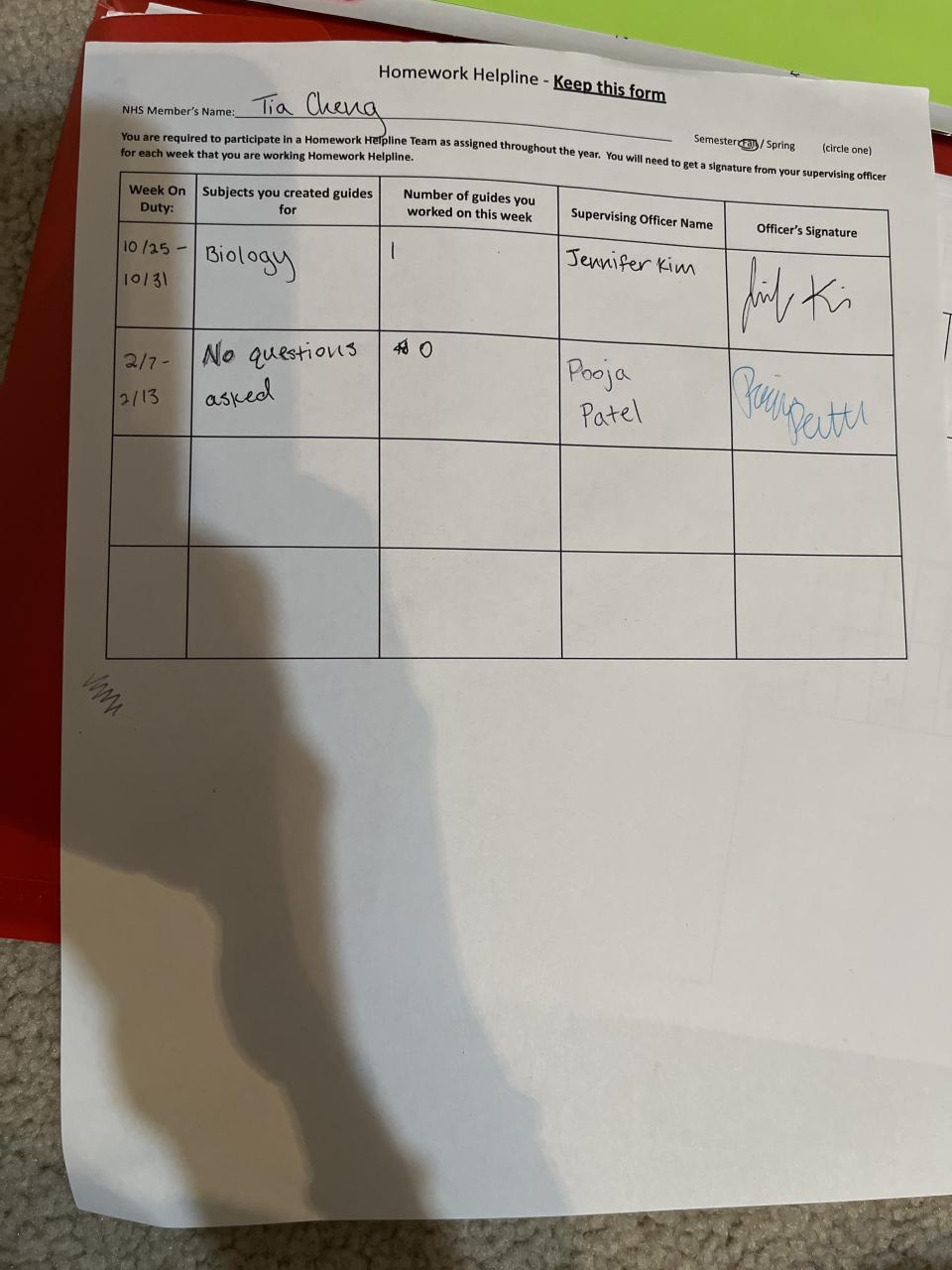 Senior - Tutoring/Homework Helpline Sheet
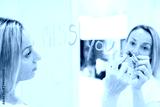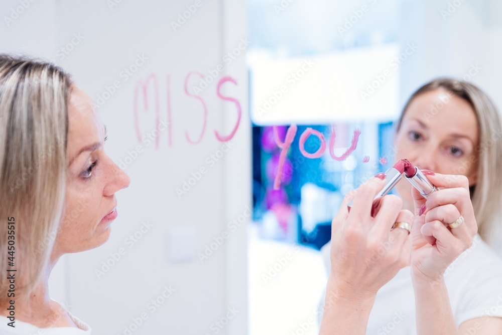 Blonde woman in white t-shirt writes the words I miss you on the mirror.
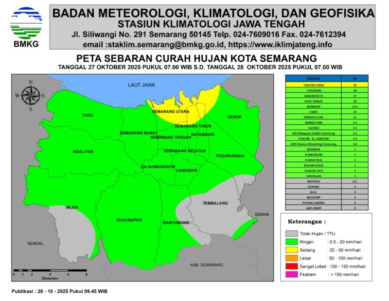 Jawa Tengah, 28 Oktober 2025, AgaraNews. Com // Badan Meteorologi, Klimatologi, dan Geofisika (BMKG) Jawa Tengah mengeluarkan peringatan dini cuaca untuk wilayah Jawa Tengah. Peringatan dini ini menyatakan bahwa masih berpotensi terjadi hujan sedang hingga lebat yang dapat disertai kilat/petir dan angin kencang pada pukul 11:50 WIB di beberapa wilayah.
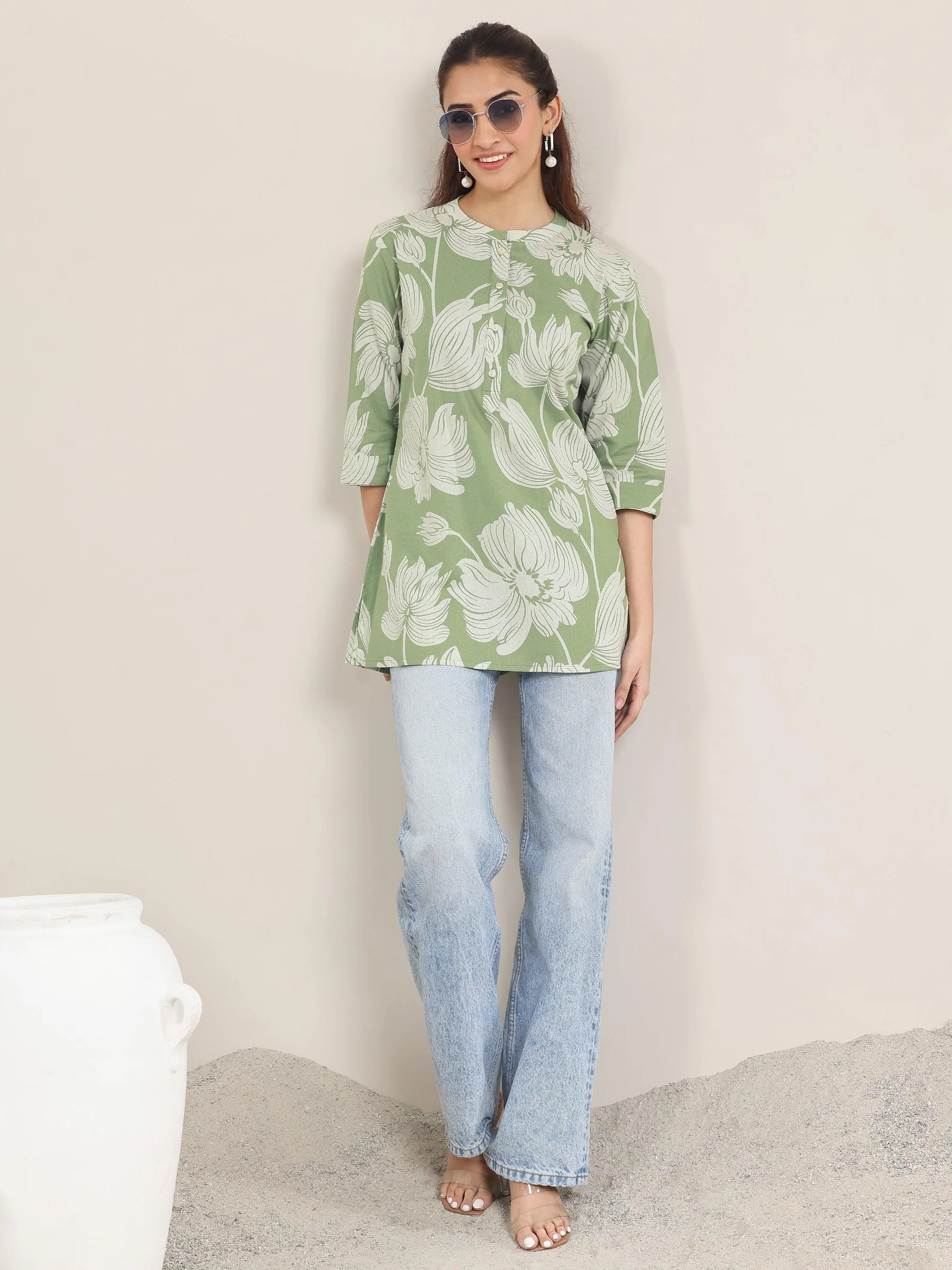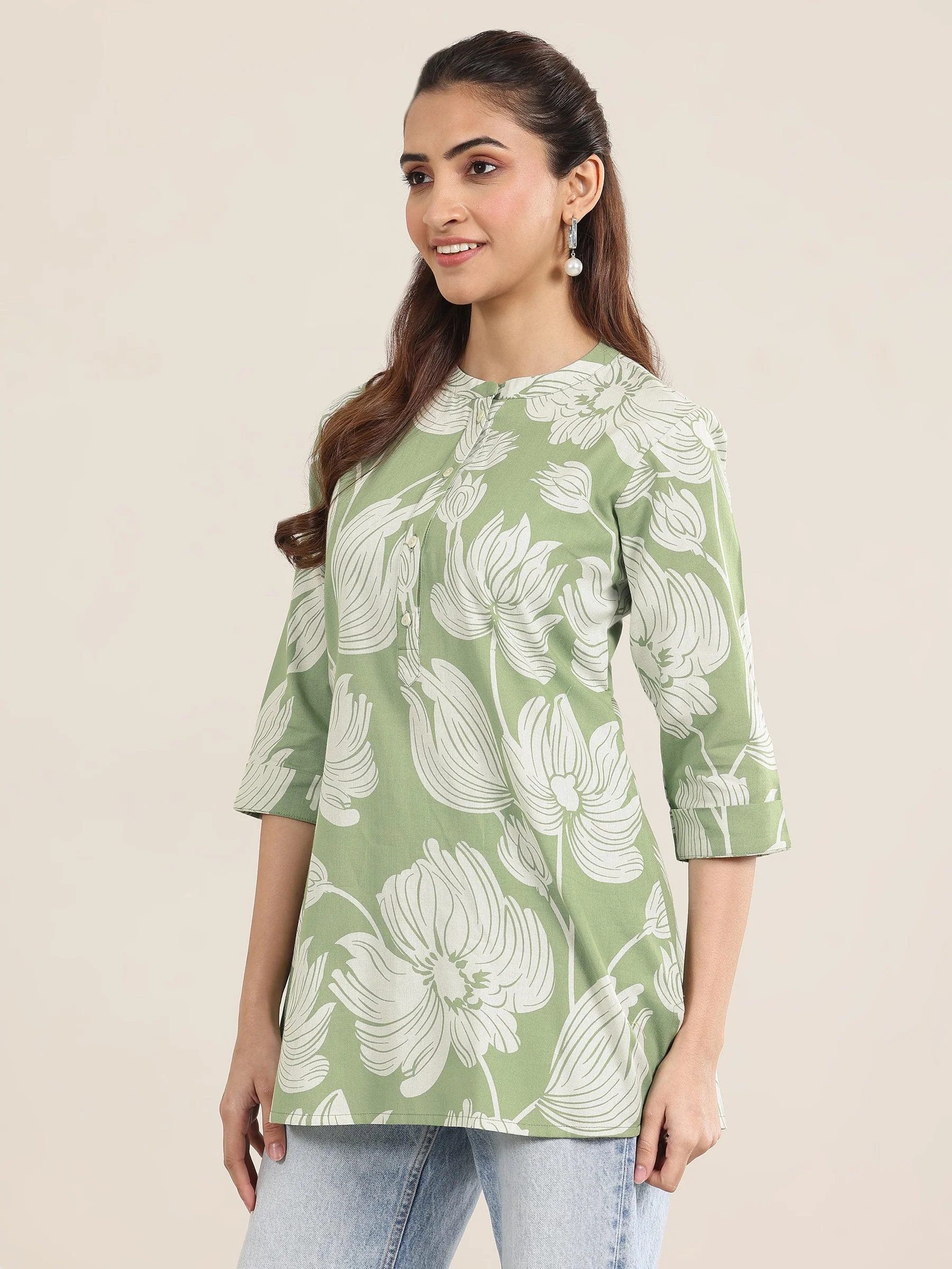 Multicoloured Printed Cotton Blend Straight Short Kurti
* * * * * * * * *
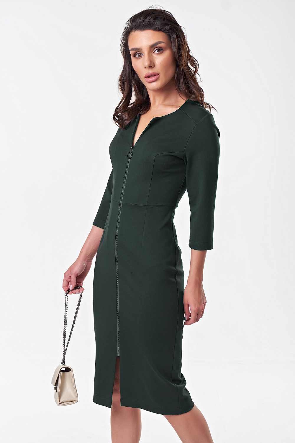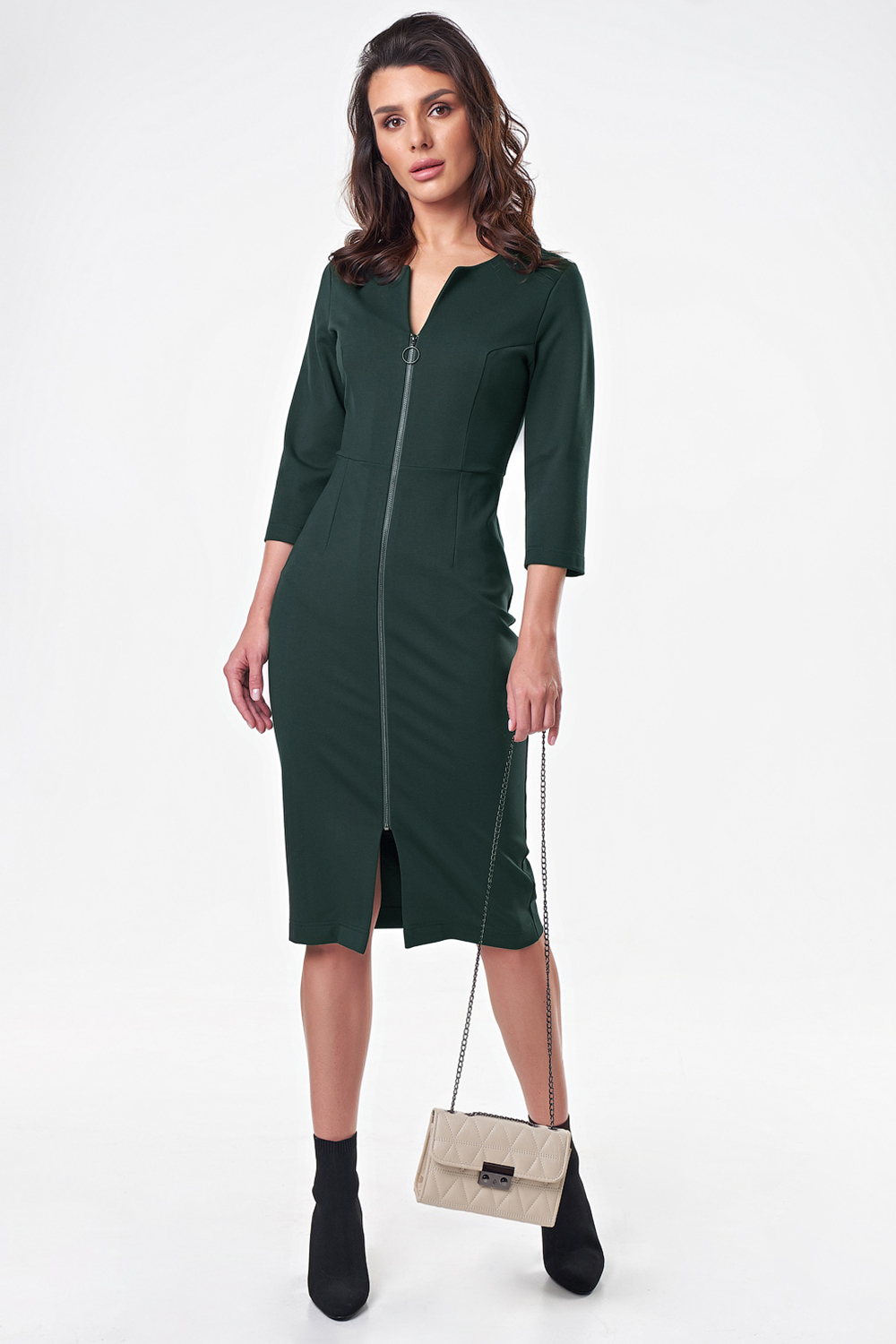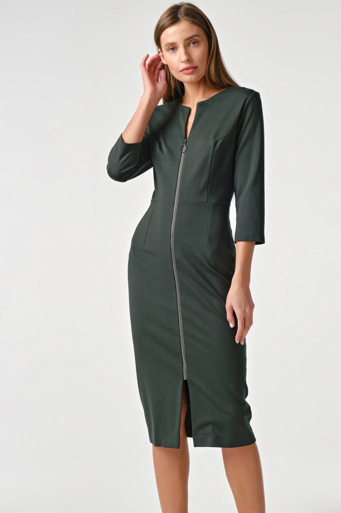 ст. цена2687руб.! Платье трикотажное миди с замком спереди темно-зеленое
* * * * * * * * *
- _WHAT YOU WILL DO_
Make an exact copy of the lines above, beginning with the line with "Senior - Tutoring/Homework Helpline Sheet" and ending with the line with "Multicoloured Printed Cotton", and keep the pictures out of it.

- _TASK OUTPUT_
 Senior - Tutoring/Homework Helpline Sheet
 Blonde woman in white t-shirt writes the words I miss you on the mirror.
 Jawa Tengah, 28 Oktober 2025, AgaraNews. Com // Badan Meteorologi, Klimatologi, dan Geofisika (BMKG) Jawa Tengah mengeluarkan peringatan dini cuaca untuk wilayah Jawa Tengah. Peringatan dini ini menyatakan bahwa masih berpotensi terjadi hujan sedang hingga lebat yang dapat disertai kilat/petir dan angin kencang pada pukul 11:50 WIB di beberapa wilayah.
 Multicoloured Printed Cotton Blend Straight Short Kurti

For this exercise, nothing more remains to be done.